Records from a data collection
⟨
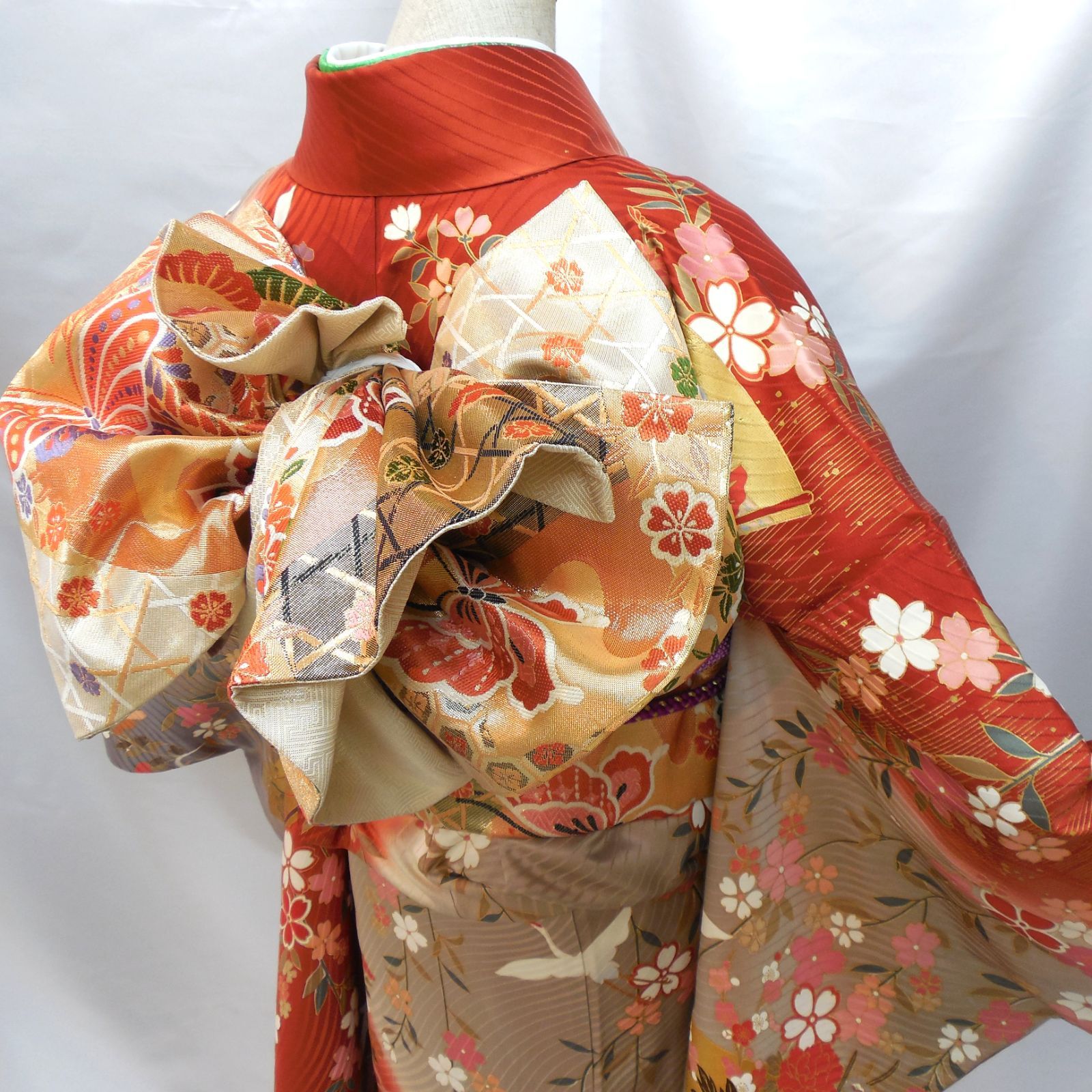 フォロワ割 振袖フルセット 正絹 成人式 振袖 7点セット 振袖Lサイズ レッド系 古典柄 花柄 華やかの検索結果
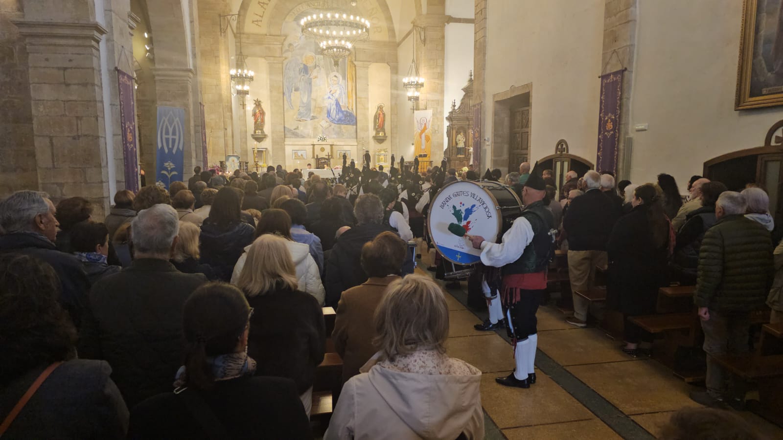 Banda Gaitas Villaviciosa el Gaitero en la misa del Domingo de Pascu 2026 de Villaviciosa Asturias
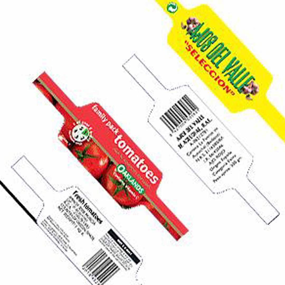 Banda o faja para bandejas de alimentos preparados o frutas , Impreso a cuatro o cinco colores. En material papel o plástico .
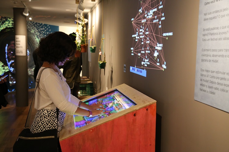 O quê? ‘Hackeando Meu Rio’ é uma instalação interativa com visualização de dados sobre os desejos para o futuro da cidade. Um dos espaços apresentado na exposição ‘Rolé pelo Rio Hackeado’
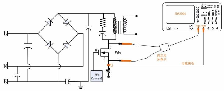 图8 开关管电流波形对比测试的仪器连接
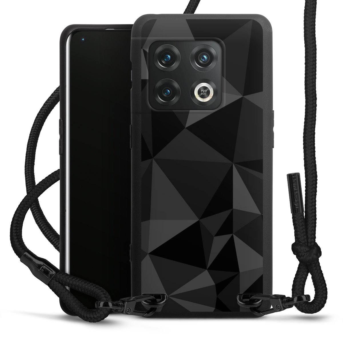 The matt black silicone case is made of flexible TPU (thermoplastic polyurethane) and offers robust protection. The durable, unbreakable material makes the cover flexible and dimensionally stable at the same time. The matte surface makes your design stand out more and is less susceptible to fingerprints and dirt. The stylish trend accessory fits comfortably in the hand and is perfectly complemented by the fabric (polyester) mobile phone strap. The braided fabric strap is approx. 1.70 metres long with a diameter of approx. 0.5 cm. Due to the special knotting technique, the length of the strap can be adjusted by simply pulling it, so that you can adapt it individually to your wishes. The practical case to wear around your neck is available with the fabric strap in black. As a little icing on the cake, we have provided the strap with a chic metal fastener in matt black. The strap is securely fastened to the case with loops made of high-quality genuine leather and press studs. The ends of the fabric strap are covered with metallic end caps and thus protected from fraying.
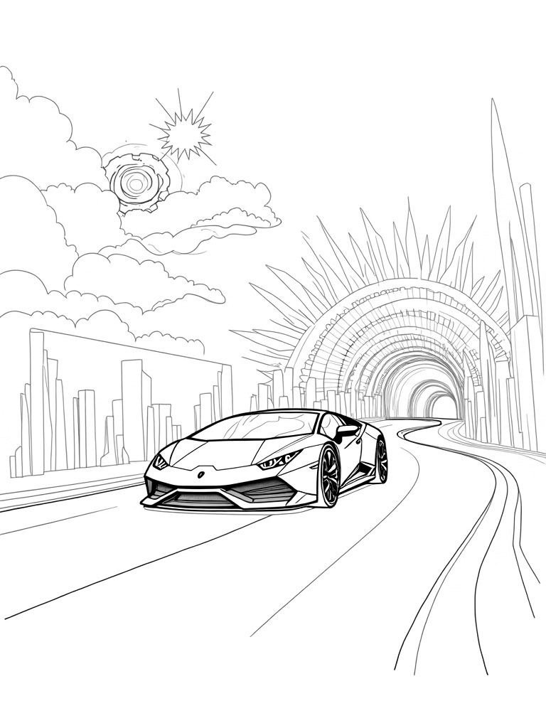 Futuristic Lamborghini in a Crystal Tunnel Coloring Page
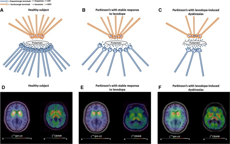 Keywords: Graft-induced dyskinesias; Levodopa-induced dyskinesias; Molecular imaging; Parkinson’s diseases; Positron emission tomography; Serotonergic system.
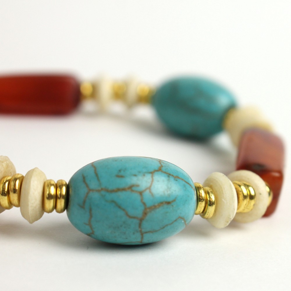 アフリカンビーズと牛骨ビーズで手作りされた、お洒落なバングルです。
⟩
Try it: Print the lines from the line with "Keywords: Graft-induced dyskinesias;" to the end of the data above. Include both ends, exclude the pictures, and add nothing else.

Final answer:
 Keywords: Graft-induced dyskinesias; Levodopa-induced dyskinesias; Molecular imaging; Parkinson’s diseases; Positron emission tomography; Serotonergic system.
 アフリカンビーズと牛骨ビーズで手作りされた、お洒落なバングルです。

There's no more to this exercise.